The Greek debt crisis has made clear what has long been at least tacitly acknowledged by observers: the EU is less a monolithic entity than it is a collection of sovereign nations with very different economic structures and prospects. These different structures are the result of decades-long traditions of domestic economic management with conservative, inflation-averse Germany on one end of the spectrum and the more inflation-prone, cyclically volatile economies of the likes of Italy and Greece on the other. The Bundesbank, Germany’s national central bank, is a byword for monetary prudence whose policies throughout the postwar period ensured the Deutsche mark’s unassailable position as the anchor of EU stability. The Bundesbank’s postwar mandate, after all, was established when memories of the disastrous hyperinflation of the Weimar Republic – and the even more disastrous descent into the Third Reich that followed – were fresh and raw in the minds of Germans. Although those days are now thankfully distant and far-removed from the present, German economic policymakers have never lost their intense abhorrence of the slightest hint of loose money and the specter of inflation.

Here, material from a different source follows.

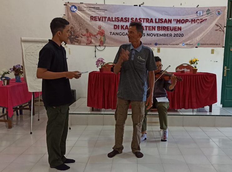 “Saat ini, mop-mop mengalami krisis. Hanya dua grup di Aceh Utara dengan para pemain yang sudah berusia lanjut yang masih bertahan. Meskipun beberapa penelitian dan upaya konservasi telah dilakukan, namun hasilnya belum tampak. Atas dasar itu, kita memutuskan untuk melakukan revitalisasi”. Demikian keterangan Cut Ida Agustina, pengkaji kebahasaan dan kesastraan Balai Bahasa Provinsi Aceh yang bertindak selaku ketua pelaksana kepada redaksi (Kamis, 26/11/2020).

Chancellor Merkel’s announcements today were unilateral – the ban on short selling and other measures addressed represent a singular German position and were not put on the table for consultation with its EU partners, many of whom voiced annoyance and concern in published comments today. Merkel, of course, has to heed the vox populi of her German constituents as well as coordinate policy with other national leaders to contain the ongoing crisis in the region. That’s proving to be a difficult balancing act. In announcing dramatic liquidity measures last week the EU provided temporary relief from the specter of outright debt defaults by weaker EU sovereigns. It did not, as we noted at the time (see our 5/11 commentary piece “Volatility: The Sequel”) ensure any measures for a return to solvency among these teetering economies nor a solution for saving the Euro itself. For the Germans, saving the Euro is exactly that “question of survival” referred to by Angela Merkel. For the Germans the Euro is what the Deutsche mark used to be, and history has shown that this nation takes its currency seriously. That may be good news in the end for the integrity of what is collectively the world’s second-largest economy, but for now the rough waters are not going away.